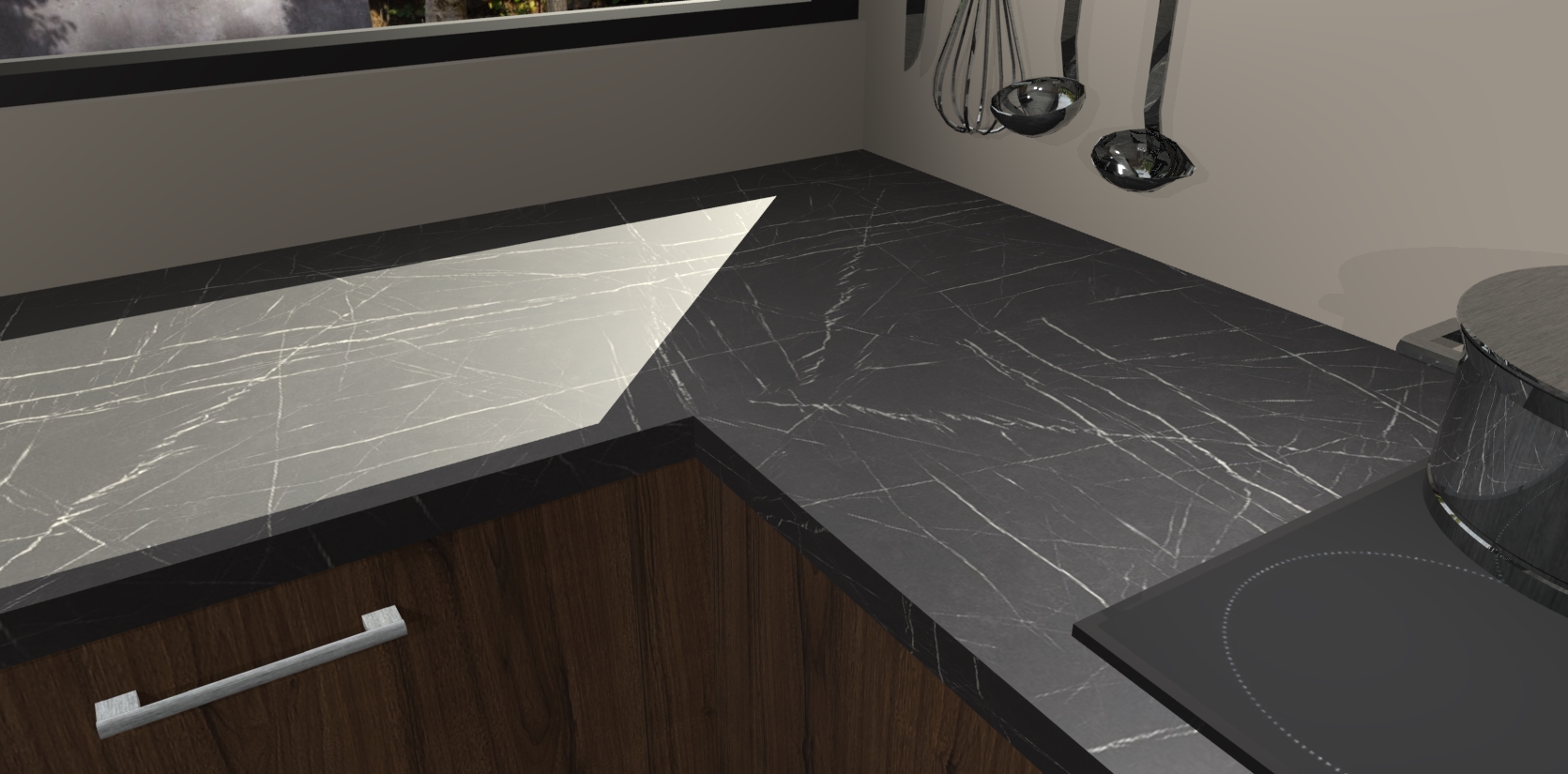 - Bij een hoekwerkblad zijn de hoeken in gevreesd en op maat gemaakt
───
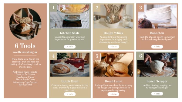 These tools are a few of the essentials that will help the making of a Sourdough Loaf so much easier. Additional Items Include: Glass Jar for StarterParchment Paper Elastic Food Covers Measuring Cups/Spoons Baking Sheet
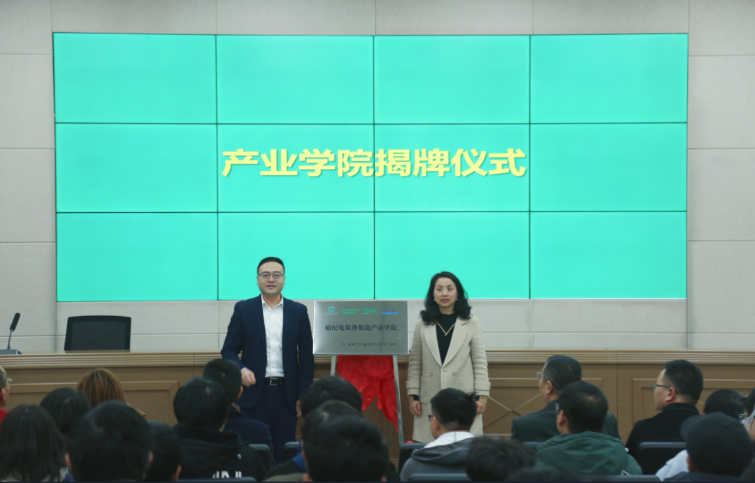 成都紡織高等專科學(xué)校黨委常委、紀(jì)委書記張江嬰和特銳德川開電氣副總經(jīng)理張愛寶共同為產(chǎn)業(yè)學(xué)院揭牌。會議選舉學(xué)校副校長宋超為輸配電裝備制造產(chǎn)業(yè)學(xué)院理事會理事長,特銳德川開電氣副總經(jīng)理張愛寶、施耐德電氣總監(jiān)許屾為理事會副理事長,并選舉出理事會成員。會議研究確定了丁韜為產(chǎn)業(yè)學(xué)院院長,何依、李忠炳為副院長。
───
## WHAT THIS TASK INVOLVES:
Output only the stretch above from the line with "These tools are" through the line with "成都紡織高等專科學(xué)", reproduced exactly. Exclude pictures.

## REPLY TO THE TASK:
 These tools are a few of the essentials that will help the making of a Sourdough Loaf so much easier. Additional Items Include: Glass Jar for StarterParchment Paper Elastic Food Covers Measuring Cups/Spoons Baking Sheet
 成都紡織高等專科學(xué)校黨委常委、紀(jì)委書記張江嬰和特銳德川開電氣副總經(jīng)理張愛寶共同為產(chǎn)業(yè)學(xué)院揭牌。會議選舉學(xué)校副校長宋超為輸配電裝備制造產(chǎn)業(yè)學(xué)院理事會理事長,特銳德川開電氣副總經(jīng)理張愛寶、施耐德電氣總監(jiān)許屾為理事會副理事長,并選舉出理事會成員。會議研究確定了丁韜為產(chǎn)業(yè)學(xué)院院長,何依、李忠炳為副院長。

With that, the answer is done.